SUBSCRIBE

甲状腺健康jiazhuangxianjiankang

甲状腺肿的营养支持策略:碘、锰、维生素

时间:2021-04-12 16:46 阅读:258 来源:朴诺健康研究院

同义索引:碘缺乏性甲状腺功能减退症

  1. 简介

  2. 一览表 

  3. 症状

  4. 治疗 

  5. 饮食习惯的改变 

  6. 营养补充剂

  7. 参考文献


甲状腺肿是指甲状腺体积增大,常常可看到患者颈部前方明显肿大。


甲状腺体积增大的原因很多,包括碘缺乏,机体利用碘能力下降,或多种甲状腺机能紊乱,另外,还可能包括感染、肿瘤以及自身免疫性疾病。一些环境污染物,重金属毒物,以及某些药物也可以导致甲状腺肿[1,2,3]。碘缺乏和机体利用碘能力下降都会导致甲状腺无法产生甲状腺激素,而该激素是一种协助机体调节代谢率的激素。这种状况称为“甲状腺机能减退”,症状包括疲乏,体重增加,女性月经增多,皮肤毛发干燥,以及甲状腺肿大。

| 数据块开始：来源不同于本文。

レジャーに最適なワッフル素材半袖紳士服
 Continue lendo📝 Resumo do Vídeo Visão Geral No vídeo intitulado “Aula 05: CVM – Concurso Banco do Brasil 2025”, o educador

碘缺乏性甲状腺肿在土壤和食物中缺乏碘元素的地区比较常见。学龄前儿童,青春期少女,怀孕妇女和老人最容易患甲状腺肿和其它碘缺乏相关的疾病[4]。碘供应不足地区除了甲状腺肿的高发病率外,出生缺陷以及身心发育迟缓的发病率也高[5]。虽然在整个世界范围内,碘缺乏是甲状腺肿的头号病因,在发达国家却很少发生。正因如此,在发达国家中一旦发现甲状腺肿,必须由卫生保健人员进行评估,在治疗之前明确病因。


甲状腺肿的辅助疗法


分类营养补充剂草药
首选/
次选

锰 (如有缺乏,应给予补充)

维生素A

维生素E

锌 (如有缺乏,应给予补充)

/
首选 有可靠和相对一致的科研数据证明其对健康有显著改善。

次选 各有关科研结果相互矛盾、证据不充分或仅能初步表明其可改善健康状况或效果甚微。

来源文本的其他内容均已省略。